The Case IH Magnum 380 continuously variable transmission tops out at 435 maximum-boosted engine horsepower, delivers the highest horsepower in its class and meets Environmental Protection Agency’s Tier 4 B/final standards. It includes a new CVT design for high-horsepower machines that works in conjunction with Case IH selective catalytic reduction emissions technology to maximize available power without sacrificing fuel efficiency. The company also announced the 2014 lineup includes significant horsepower upgrades in all Magnum models, because of a Case IH selective catalytic reduction-only emissions technology combined with CVT design for high-horsepower machines that maximizes available power. The new Magnum lineup includes nine models, all with available CVT and five available for the first time with CVT. For more information, see a dealer or visit www.caseih.com.
Equipment Technologies, Moorseville, Ind., announced the rollout of its 2014 line of Apache sprayers with a redesigned ergonomic cab.
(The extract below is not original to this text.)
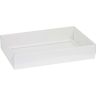 Papírovou krabici s průhledným víkem využijete na balení dárků, šátků, rukavic apod.
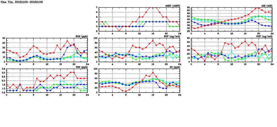 | Air Quality Data Time Series in Sha Tin (2018/11/08) | ( Line colors: Day -3 Day -2 Day -1 Current day ) | 2D Map Current AQHI |

Combining all the modern comforts of a farmer’s shop office with the latest technology, Equipment Technologies created a cab delivering the application advantage at the fingertips of the operator. The company’s engineers took time to listen to customer needs and investigate all conceptual angles. The redesigned cab comes standard with a new ET Pilot System, a pre-installed dashboard app displayed on a 7-inch interactive color touchscreen. Swiping the screen left to right allows the operator to track transmission, fuel economy, slope readouts and track the engine torque output. The operator can see behind with a rearview camera. He can run a diagnostics report of the machine’s transmission, precision options and additional vital components. Two cruise control speeds can be applied with the push of a finger. For more information, ssee a dealer or visit www.etsprayers.com.
Parasite control can help cow-calf efficiency
In an effort to reduce treatment input costs, some producers do not have a strategic parasite control protocol. However, that choice can have a long-term negative financial impact far surpassing any short-term savings.
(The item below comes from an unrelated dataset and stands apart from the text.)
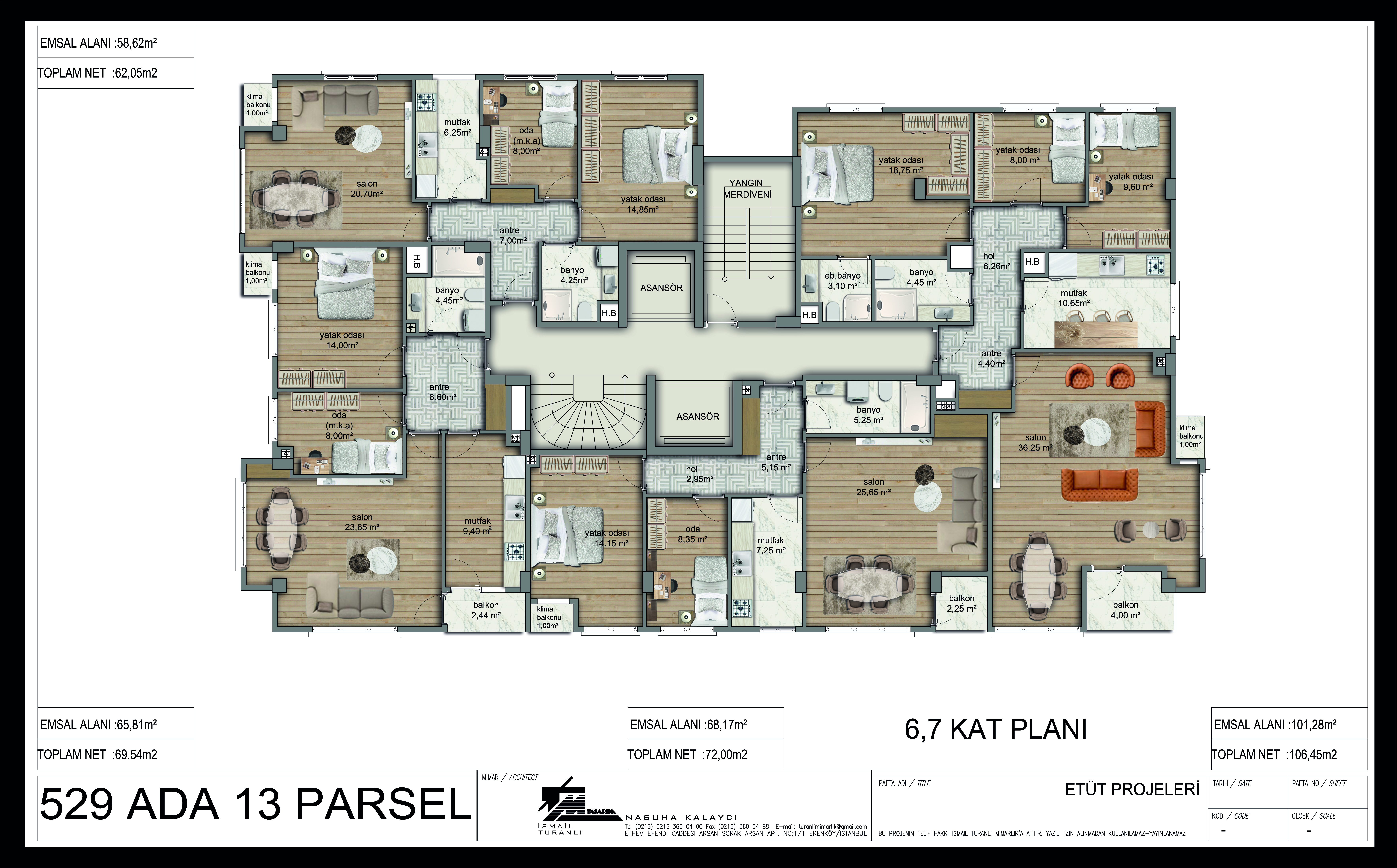 – Daire Sayısı : 32 daire – 9 ticari alan

In fact, choosing not to deworm could potentially cost producers as much as $200 per head per grazing season. The difference in the average weaning weight of dewormed calves versus controls was 15.5 pounds.
Losses due to parasitism can be subclinical and overlooked, and severe infections can cause disease and death. Losses caused by subclinical infection can include reduced milk production and weaning weights, delayed puberty and decreased fertility in replacement heifers. It also can result in reduced pregnancy rates in mature cows and reduced feed intake.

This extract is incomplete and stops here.